My guess, though, is that, if absolutely forced to think about it, they'd readily admit this is not the case. So I'm offering here a few leading questions to ask at the start of information literacy sessions that might force students to examine their assumptions.
- Who puts information onto the net? Who else? (See if they can come up with organizations, government agencies, publishers, commercial enterprises, etc., as well as individuals)
- What costs are involved in putting it there and keeping it there?
- Why are they giving it away for free? Some sample sites to consider:
- MedlinePlus http://medlineplus.gov/
- L.L. Bean - Park Search http://www.llbean.com/parksearch/index.html
- Salon http://salon.com/
- Legal Information Institute http://www.law.cornell.edu/
- American Lung Association http://www.lungusa.org/
- Amazon http://www.amazon.com/
- Google http://google.com/
- Publib http://lists.webjunction.org/wjlists/publib/2006-January/date.html
- The Daily Kitten http://www.dailykitten.com/
- Steven Johnson http://www.stevenberlinjohnson.com/
[Possible answers might include ego, obsession, organizational mission, education, opportunities to make money through ads, subscriptions or linked services, devotion to a cause, public service, collecting information about users, etc.]

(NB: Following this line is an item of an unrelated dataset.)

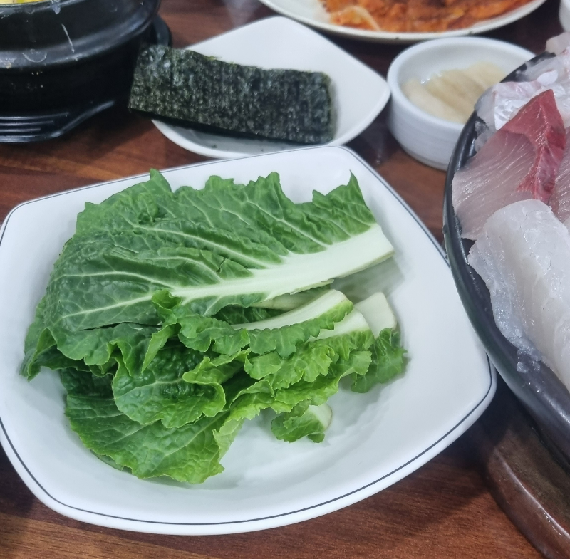 방어 때문에 양념간장과 묵은 백김치가 나옵니다. 방어에 늘 그렇듯이 김에 양념간장에 묵은지와 같이 먹으라고 합니다. 근데 뭔가 빠진 맛이 있는 듯한데 뭔지 잘 모르겠네요. 도미는 우럭과 맛의 별 차이를 못 느끼겠고.

- What laws might prevent some information from being posted on the net?
- Which of these pieces of information would you expect to find for free on the net? Which wouldn't you? Why or why not?
- the complete contents of the current issue of Consumer Reports
- an article from the June 7, 1941 issue of the Quad City Times
- the exact terms of an out-of-court settlement in a malpractice lawsuit
- the text of a 1937 Supreme Court decision on capital punishment
- detailed history and images of your university
- a map of the complete network of natural gas pipelines in the US
- a university's records of a student athlete's disciplinary hearings
- a complete genealogy of your family
- a tutorial on how to do genealogical research
- the complete US Code; your state's Code
- complete historical ownership records for a tract of land
- the complete text of The Scarlet Letter
- the complete text of a 2005 book called Rescue Me! He's Wearing a Moose Hat!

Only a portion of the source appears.